Exercise data —
——

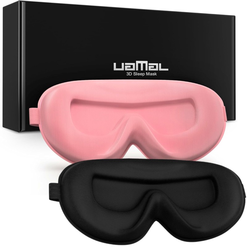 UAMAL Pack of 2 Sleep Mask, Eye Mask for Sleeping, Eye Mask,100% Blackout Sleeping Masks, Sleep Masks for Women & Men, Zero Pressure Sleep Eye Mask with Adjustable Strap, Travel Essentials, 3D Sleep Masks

——

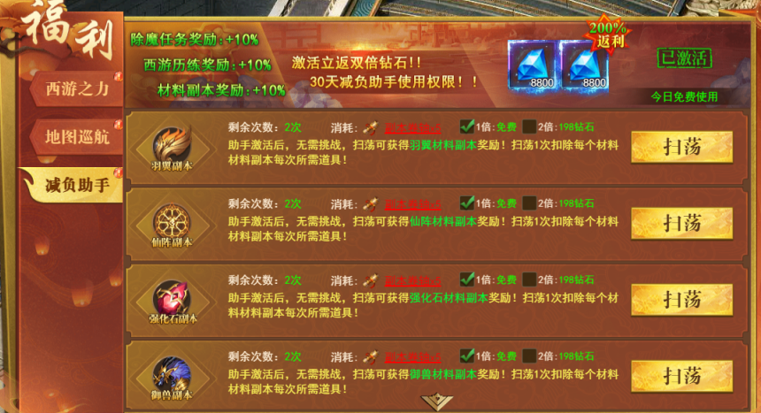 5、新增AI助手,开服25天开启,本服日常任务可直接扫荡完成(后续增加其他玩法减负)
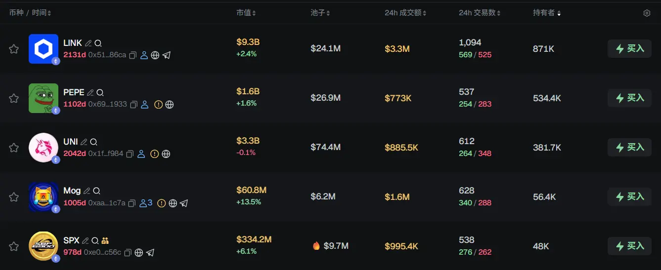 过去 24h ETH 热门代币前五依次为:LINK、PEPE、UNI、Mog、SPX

——

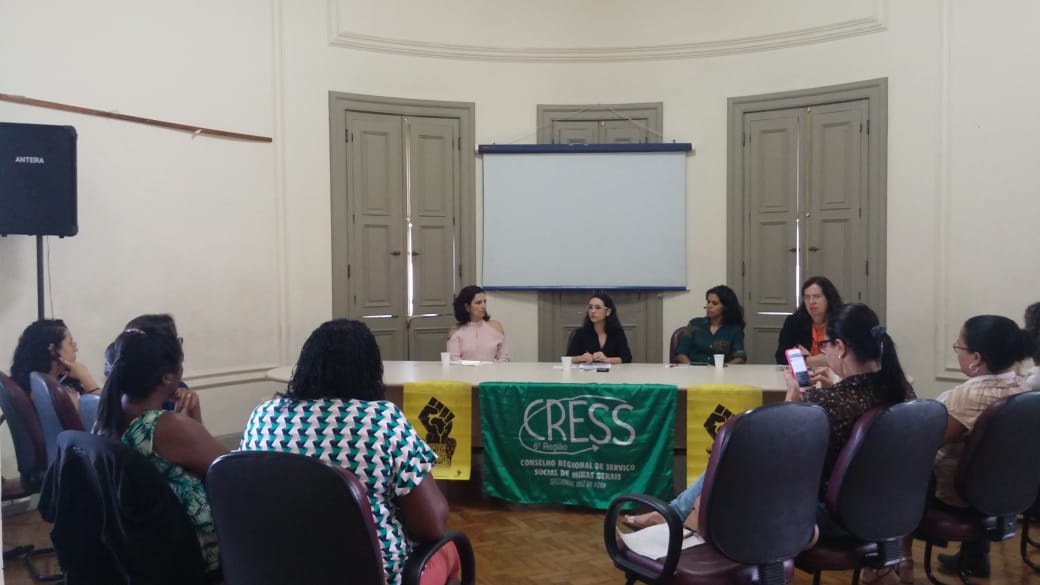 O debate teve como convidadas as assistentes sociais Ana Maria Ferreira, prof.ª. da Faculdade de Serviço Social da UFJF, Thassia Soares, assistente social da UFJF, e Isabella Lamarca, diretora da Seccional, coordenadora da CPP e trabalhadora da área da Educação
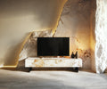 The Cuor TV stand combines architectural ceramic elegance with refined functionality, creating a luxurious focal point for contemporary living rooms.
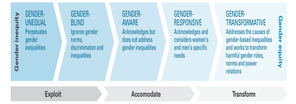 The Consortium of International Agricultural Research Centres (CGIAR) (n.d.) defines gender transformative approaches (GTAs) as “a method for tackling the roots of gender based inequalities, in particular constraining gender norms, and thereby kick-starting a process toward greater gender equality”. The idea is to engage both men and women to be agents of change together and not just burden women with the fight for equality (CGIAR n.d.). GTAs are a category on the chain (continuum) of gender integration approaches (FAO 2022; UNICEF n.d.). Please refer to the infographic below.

——

Required work — Among the entries above, take the lines from the one with "5、新增AI助手,开服25天" through the one with "过去 24h ETH 热门代币前五依次为:LINK、PEPE、UNI、Mog、SPX" and retype them exactly, leaving out the pictures.

Worked solution —
 5、新增AI助手,开服25天开启,本服日常任务可直接扫荡完成(后续增加其他玩法减负)
 过去 24h ETH 热门代币前五依次为:LINK、PEPE、UNI、Mog、SPX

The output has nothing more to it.